Diagnosi del deficit marziale

La diagnosi di deficit di ferro è una diagnosi di laboratorio. In assenza di anemia, il deficit di ferro è asintomatico e può rimanere tale anche con una lieve o moderata anemia se questa si è instaurata lentamente. I segni e i sintomi riferibili sia all’anemia sia alla carenza di ferro nei tessuti compaiono in modo graduale e progressivo.

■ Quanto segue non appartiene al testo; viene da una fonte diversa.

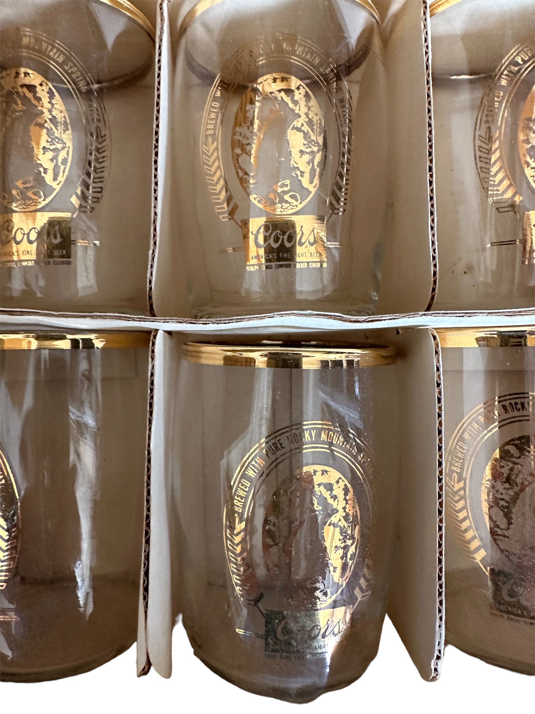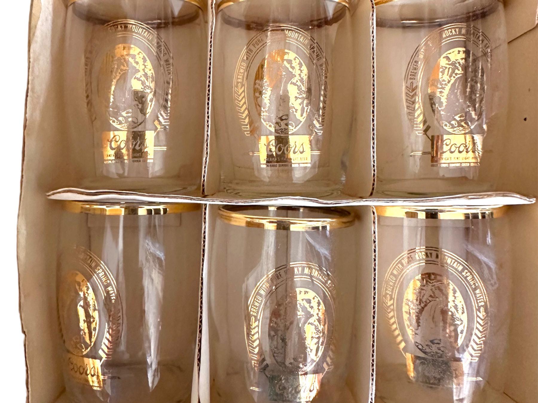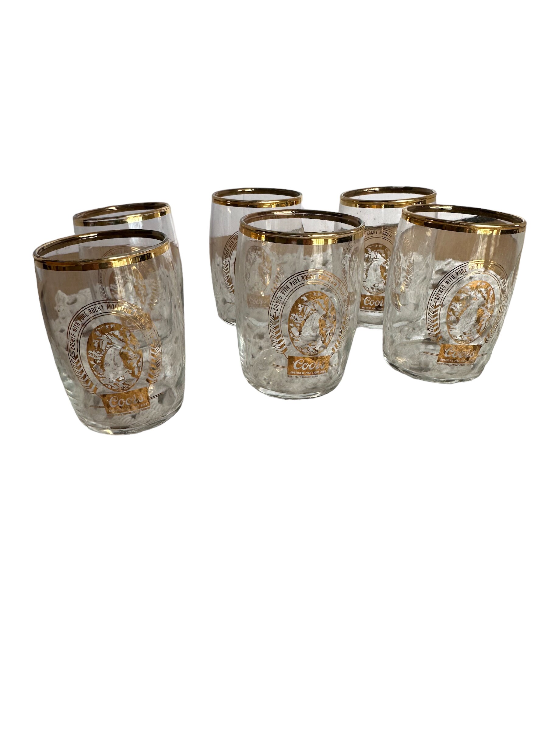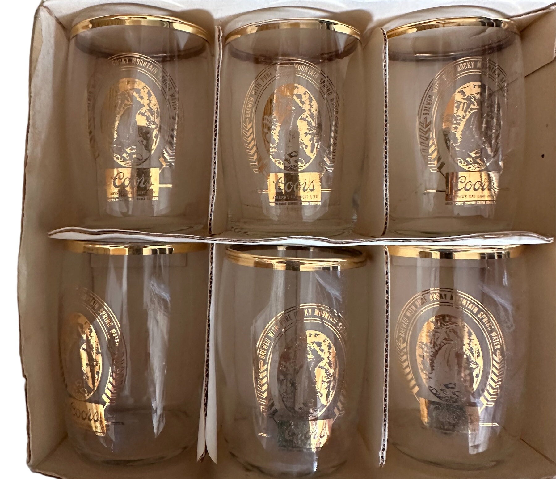 This is a set of 6 (six) Coors Beer sampler or taster glasses. They are rimmed and printed in gold. Very good condition in original box. They measures 3" x 2". They hold 4 fluid ounces.

Gli esami di laboratorio disponibili per la diagnosi di carenza marziale sono molteplici e possono essere didatticamente catalogati come esami biochimici (sideremia, transferrina, ferritina, zinco-protoporfirina, recettore solubile della transferrina) ed esami ematologici (morfologia del midollo osseo e del sangue periferico, indici eritrocitari, indici reticolocitari).

L’aspirato midollare e/o la biopsia ossea, con l’esecuzione della colorazione di Perls o al blu di Prussia, permette di valutare l’accumulo di ferro nell’interstizio e nei macrofagi midollari e la presenza di sideroblasti: l’assenza di ferro colorabile permette la diagnosi di deficit marziale senza altri test di laboratorio. E’ ancora considerato il gold standard per la diagnosi di carenza di ferro, altamente specifico e ampiamente sperimentato, nonostante le sue limitazioni: metodo costoso ed invasivo, con possibili anche gravi conseguenze, soggettivo, richiede una lettura attenta e diligente, e una tecnica di colorazione meticolosa, con possibili errori di campionamento e di interpretazione (artefatti). E’ ancora utile se eseguito in condizioni standardizzate da operatori esperti, ma non proponibile routinariamente nella pratica clinica per il solo scopo di diagnosticare una sideropenia. I test laboratoristici tradizionali comprendono la sideremia, percentuale di saturazione della transferrina (TSAT) e la ferritinemia.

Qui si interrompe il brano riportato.